KL divergence is not symmetric: \(D\_{\text{KL}}(P || Q) \neq D\_{\text{KL}}(Q || P)\). It measures how much information is lost when using \(Q\) to approximate \(P\). And vice versa.

Important (GROK says:)

In the expression ( D_{KL}(P||Q) ), the Kullback-Leibler (KL) divergence measures how much the probability distribution ( P ) diverges from the probability distribution ( Q ).

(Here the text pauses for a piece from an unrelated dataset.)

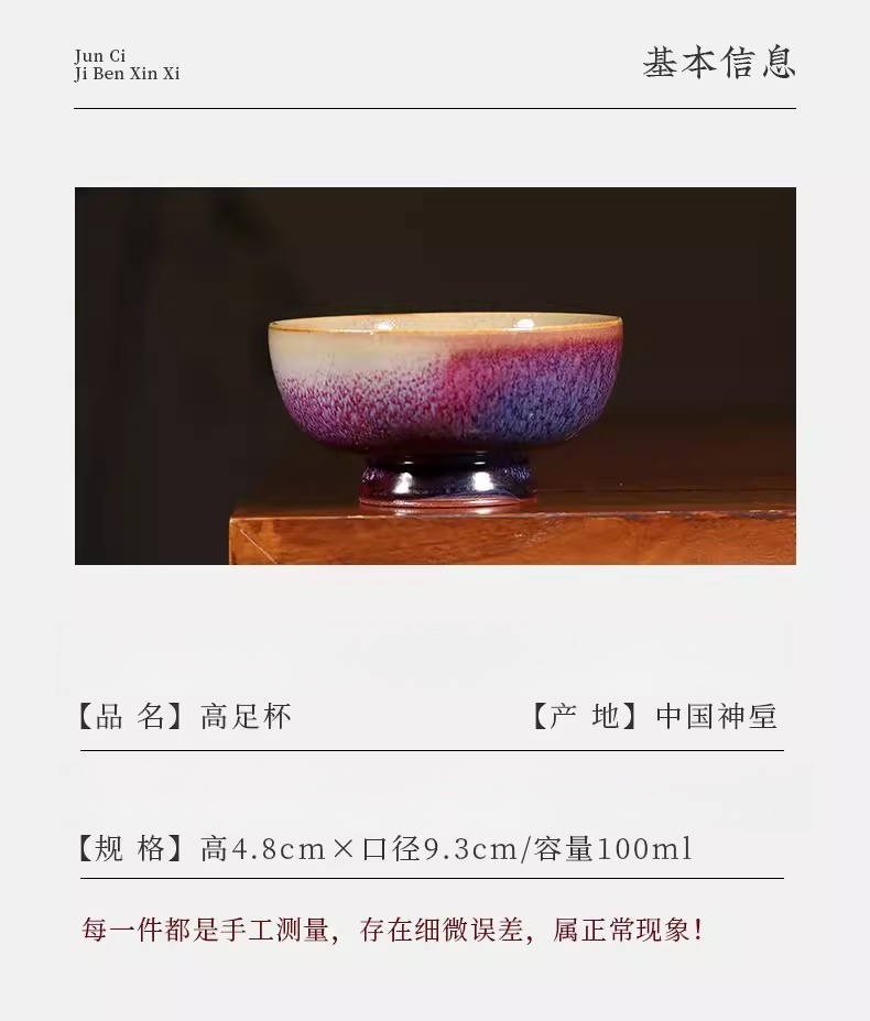 钧瓷传统手工单杯高足杯陶瓷茶具茶杯主人杯
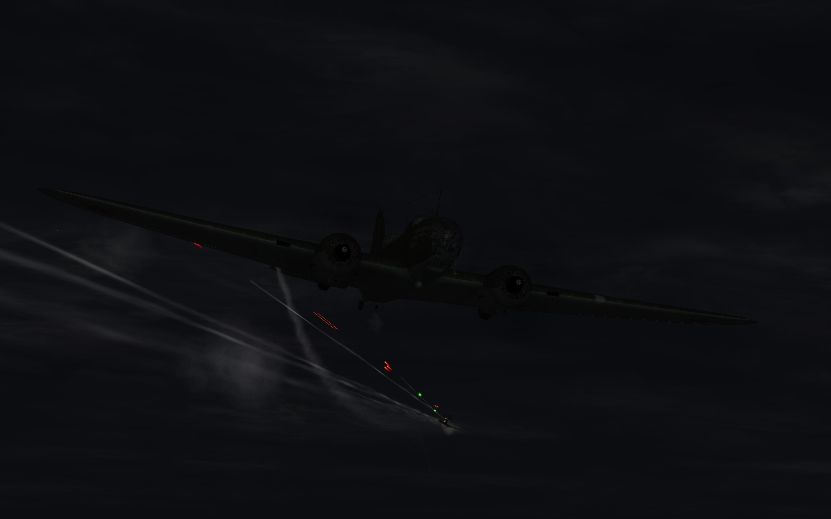 ![]() Сначала боялся что не найду цель в темноте, но таки нашел - точное выдерживание курса помогло ![]() Я уже направился домой, но тут на отходе стрелки прозевали мессера, который в двух атаках пробил мне баки, самолет стало сильно вести в сторону, и самое плохое, получил ранение, экран сильно покраснел. А ночью это, мягко говоря, неприятно. И так ведь видимость плохая. Я уже думал все, сейчас экран начнет темнеть, и придется или срочно прыгать, или на посадку идти где попало. Но дальнейшего помутнения вроде не наблюдалсь, и на сильно поврежденном ДБ я таки дотянул домой. Движки к счастью были не повреждены, но почему-то очень сильно вело в сторону, так и не понял почему. Повезло дотянуть до родного аэродрома и приземлиться, а это, я считаю, главное в каждой миссии!

Here's the breakdown:

  • \( P \): This is the "true" or "target" distribution, the one you consider as the reference or the actual distribution you want to approximate.
  • \( Q \): This is the "approximating" distribution, the one you use to estimate or approximate \( P \).

Interpretation

  • \( D_{KL}(P||Q) \) quantifies the information loss when \( Q \) is used to approximate \( P \).
  • It is not symmetric, meaning \( D_{KL}(P||Q) \neq D_{KL}(Q||P) \), because the roles of the "true" and "approximating" distributions are not interchangeable.

Formula

The KL divergence is defined as: $$ [ D_{KL}(P||Q) = \sum_x P(x) \log\left(\frac{P(x)}{Q(x)}\right) ] $$ (for discrete distributions), or $$ [ D_{KL}(P||Q) = \int P(x) \log\left(\frac{P(x)}{Q(x)}\right) dx ] $$ (for continuous distributions).

Key Points

  • \( P \) is the distribution you assume to be the true one.
  • \( Q \) is the distribution you use to model or estimate \( P \).
  • The asymmetry arises because \( P(x) \log\left(\frac{P(x)}{Q(x)}\right) \) weighs the log-ratio by \( P(x) \), not \( Q(x) \), so swapping them changes the result.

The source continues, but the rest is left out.